* Collected material *
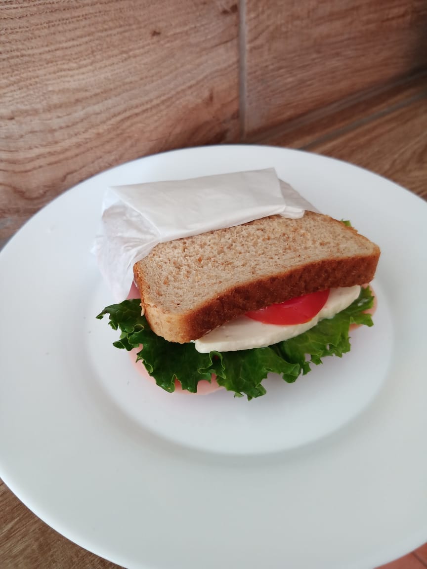 Pan integral, mayonesa, frijoles, jamón de pavo, queso fresco, tomate, lechuga.
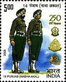 2008 postal stamp on 250 years of the 14th Battalion - (former Nabha Akal Infantry)
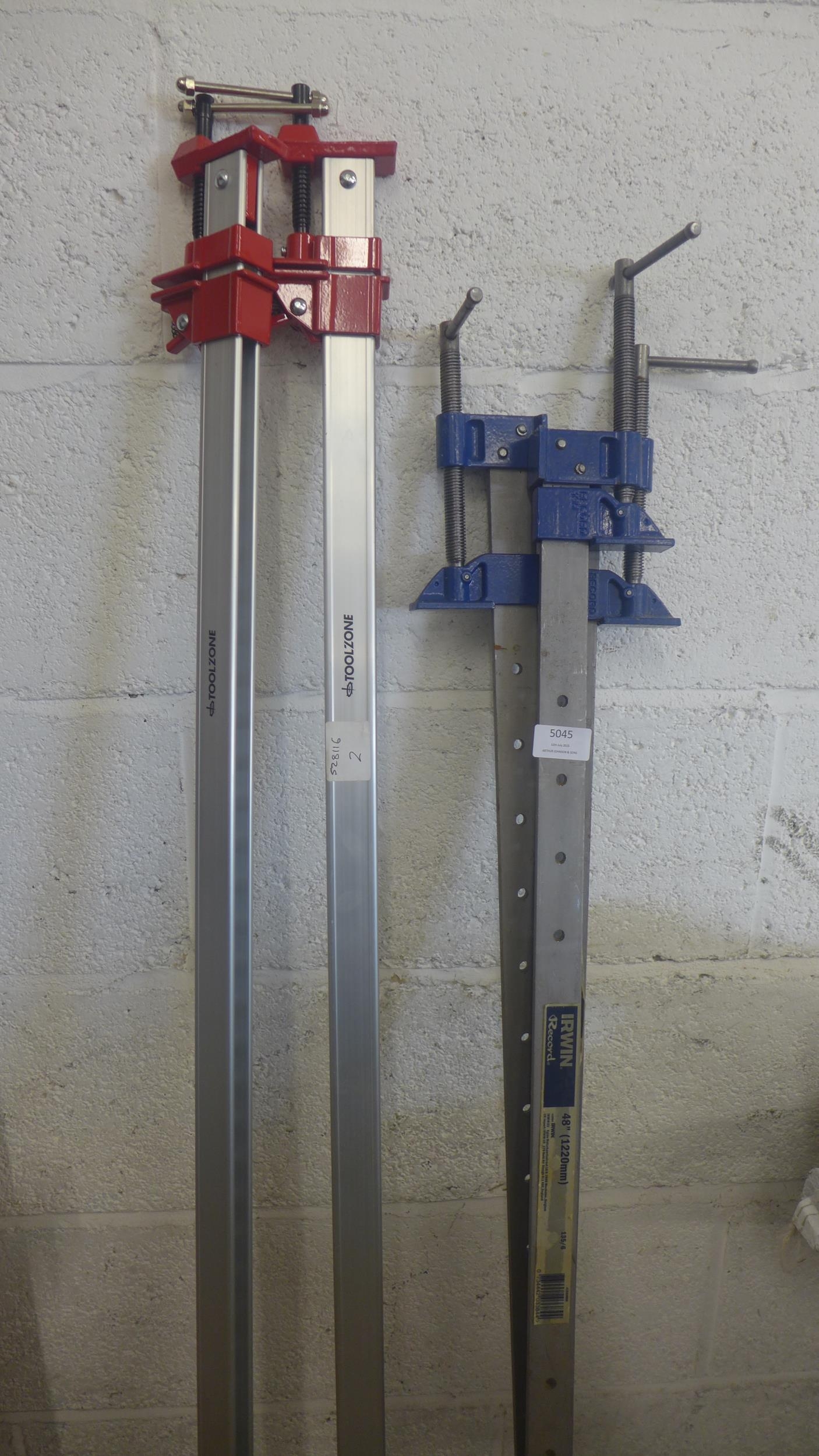 3 x Irwin record sash clamps and 2 x Toolzone aluminium sash clamps

* What is being asked *
The listing above must be retyped word for word, without the pictures.

* Solution for this task *
 Pan integral, mayonesa, frijoles, jamón de pavo, queso fresco, tomate, lechuga.
 2008 postal stamp on 250 years of the 14th Battalion - (former Nabha Akal Infantry)
 3 x Irwin record sash clamps and 2 x Toolzone aluminium sash clamps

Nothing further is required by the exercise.